Task objective> Transcribe exactly, please, the lines from the one containing "[후불교통] 비씨, 삼성, 신한, 우리, 하나, 현대, KB국민카드" through the end of the records below, and leave out the pictures.

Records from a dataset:
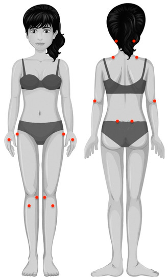 Widespread pressure pain thresholds (PPTs) were assessed with an electronic algometer (Somedic®, Sollentuna, Sweden) in the following areas: mastoid process, upper trapezius muscle, elbow, hand, posterosuperior iliac spine, greater trochanter, knee, and tibialis anterior, as illustrated in Figure 1 [23]. Pressure was applied at a rate of approx. 30 kPa/s on each point. The mean of 3 trials on each point, with a resting period of 30 s between each, was calculated and used in the analysis. This testing procedure showed good reliability (ICC ≥ 0.88) in patients with FMS [24]. Since no side-to-side differences were found at any assessed point (independent student t-tests), the mean of both sides was used in the analysis.
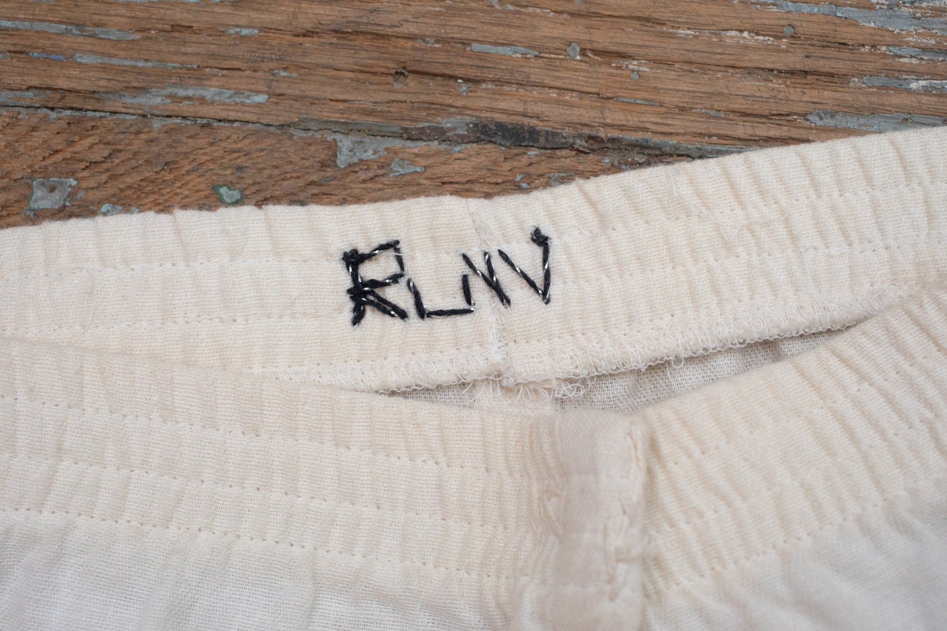 Slight discoloration throughout. RUN embroidered in black metallic thread inside back of waistband. Knit back pocket in ivory metallic yarn. Wide leg, slightly tapered. Fabric feels like cotton/linen blend.
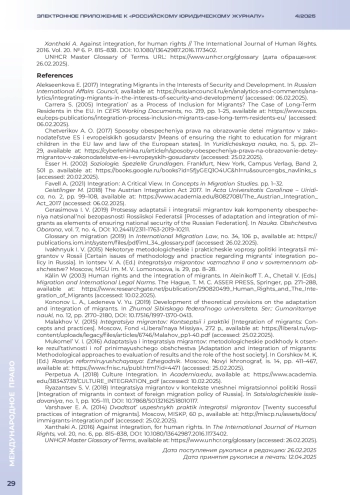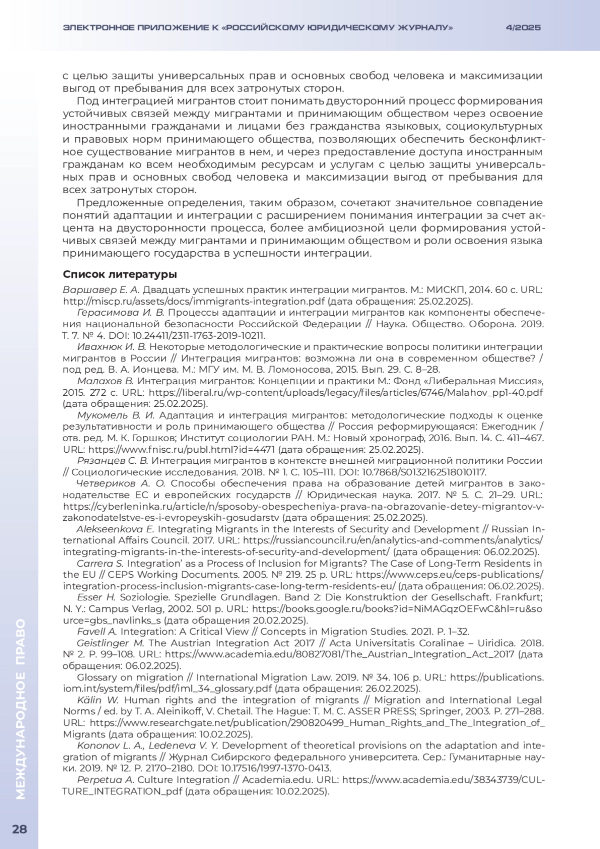 2. Герасимова И. В. Процессы адаптации и интеграции мигрантов как компоненты обеспечения национальной безопасности Российской Федерации // Наука. Общество. Оборона. 2019. Т. 7. № 4. DOI: 10.24411/2311-1763-2019-10211 EDN: UTOVOT
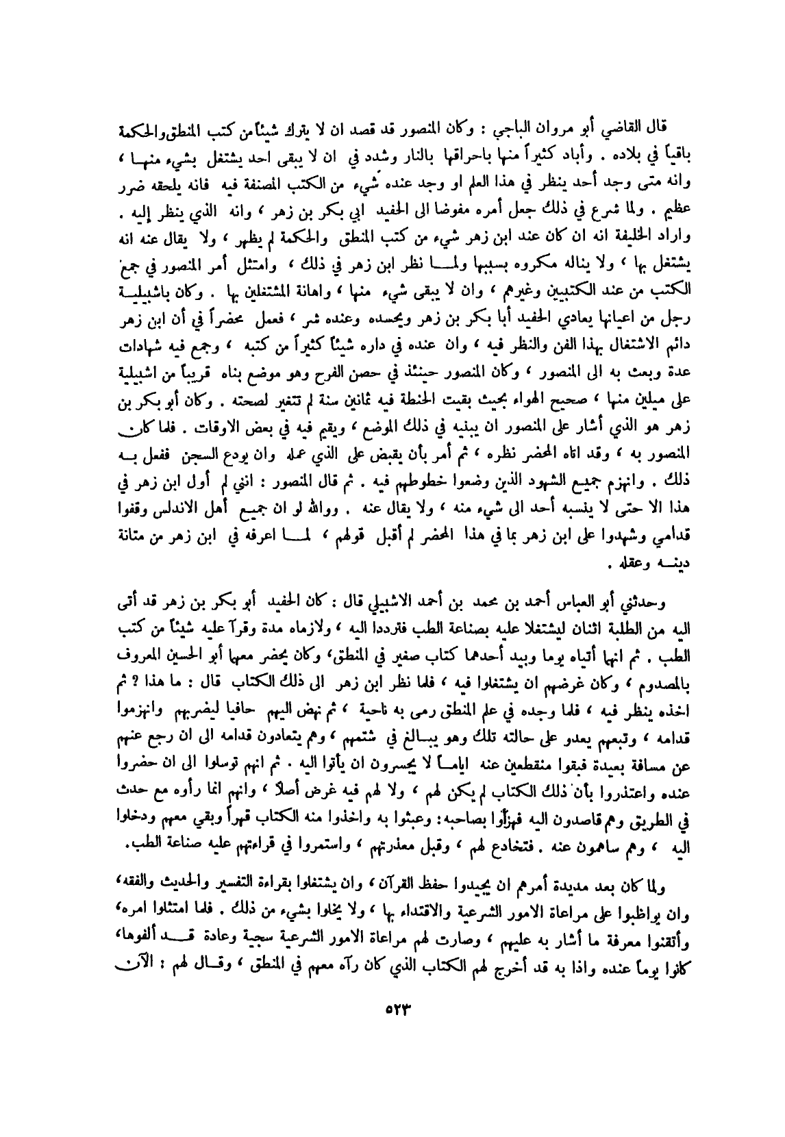 قَالَ القَاضِي أَبُو مَرْوَان الْبَاجِيّ وَكَانَ الْمَنْصُور قد قصد أَن لَا يتْرك شَيْئا من كتب الْمنطق وَالْحكمَة بَاقِيا فِي بِلَاده
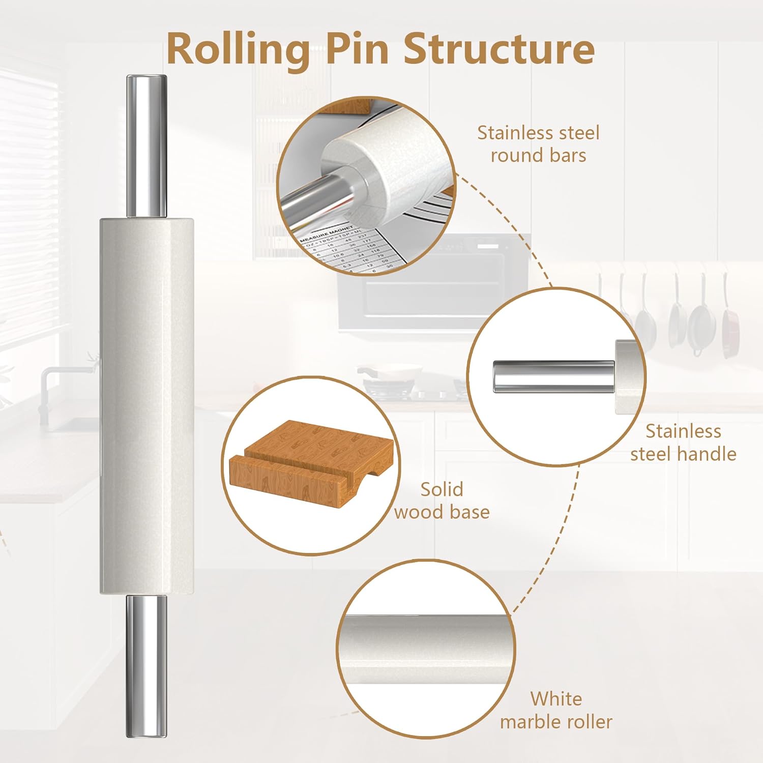 Marble Rolling Pin with Stainless Steel Handle for Baking,Fondant,Pizza,Cookie Crust,Pie,Cookies,Pastry, 18.5â(Includes handle) Marble Rolling Pin with 3 Multi-Color Thicknesses and Wood Stand
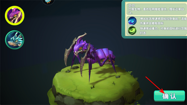 1、游戏中点击确认按钮,可选择并确定使用的生物如紫色蚂蚁贝贝,开启生物养成与战斗的关键操作,点击后将进入生物组装环节。
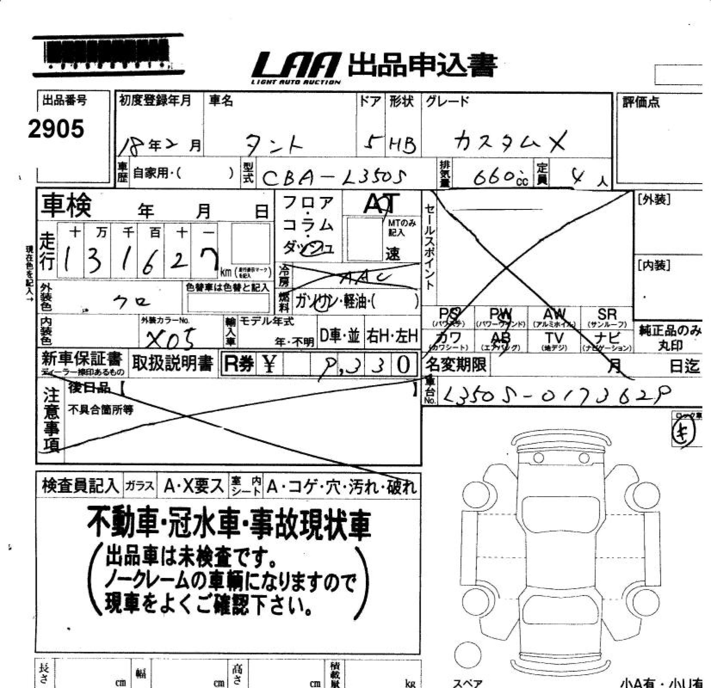 DAIHATSU TANTO CUSTOM X - лот 2905
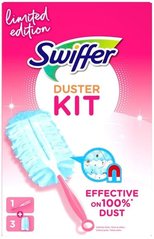 Met de Swiffer Duster Kit maak je eenvoudig en snel stofvrij schoon. De speciale vezels vangen stof, vuil en haren op in plaats van ze te verplaatsen, waardoor je oppervlakken echt schoon worden.
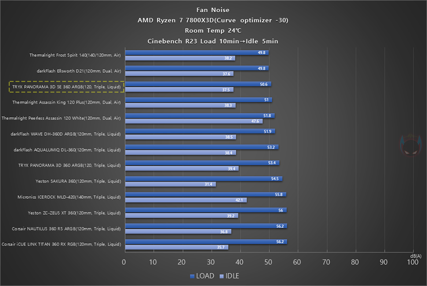 끝으로, PANORAMA 3D SE 360 일체형 수랭쿨러의 냉각 성능을 확인해보는데, 시스템 기반은 AMD 라이젠 7 7800X3D CPU이며, 최근 CPU들은 높은 부스트 클럭을 갖추고 있기 때문에, 예전처럼 수동 오버클럭의 매력이 사라졌습니다. 테스트에 사용된 AMD 라이젠 7 7800X3D CPU 역시 인기가 많지만, 수동 오버클럭보다는 AMD 자체에서 성능향상으로 다룰 수 있는 PBO나 커브옵티마이저(-30) 설정으로 더 많이 사용하죠. 그래서, 쿨러 테스트 역시 커브옵티마이저(-30) 설정으로 적용해서, 10분간 과부하 Load로 씨네벤치 R23을 실행하고, 과부하 후 5분간 Idle로 돌아가는 상황에서 CPU의 온도와 팬 속도, 쿨러 소음, 쿨링성능에 따른 부스트 작동 최대 클럭을 확인해 봤습니다. 최대한 비슷한 환경조건을 위해 실내 온도와 동일한 써멀 그리스를 사용했습니다.
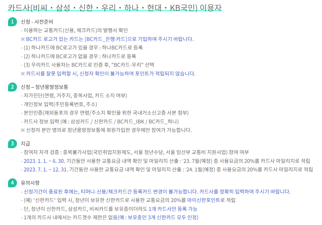 [후불교통] 비씨, 삼성, 신한, 우리, 하나, 현대, KB국민카드 발행 실물카드 및 후불형 모바일 교통카드 - 제외대상 : 2023년 아래 사업에 참여하여 지원금을 수령한 사람
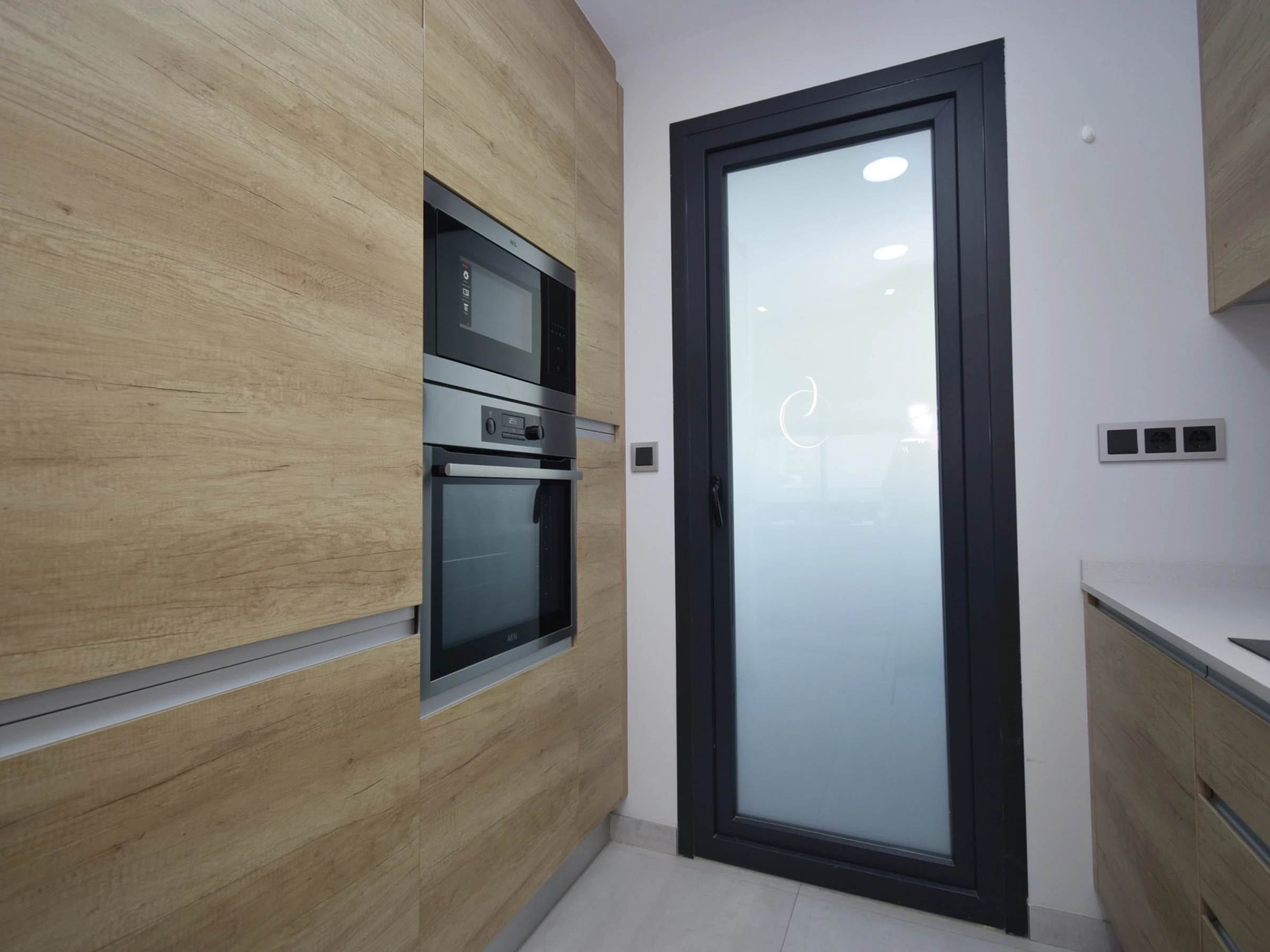 Dieses offene küche, mit ceranfeld, ist ausgestattet in kühlschrank, mikrowelle, backofen, gefrierschrank, geschirr/besteck, kochutensilien, kaffeemaschine, toaster, wasserkocher und saftpresse.

Exercise answer>
 [후불교통] 비씨, 삼성, 신한, 우리, 하나, 현대, KB국민카드 발행 실물카드 및 후불형 모바일 교통카드 - 제외대상 : 2023년 아래 사업에 참여하여 지원금을 수령한 사람
 Dieses offene küche, mit ceranfeld, ist ausgestattet in kühlschrank, mikrowelle, backofen, gefrierschrank, geschirr/besteck, kochutensilien, kaffeemaschine, toaster, wasserkocher und saftpresse.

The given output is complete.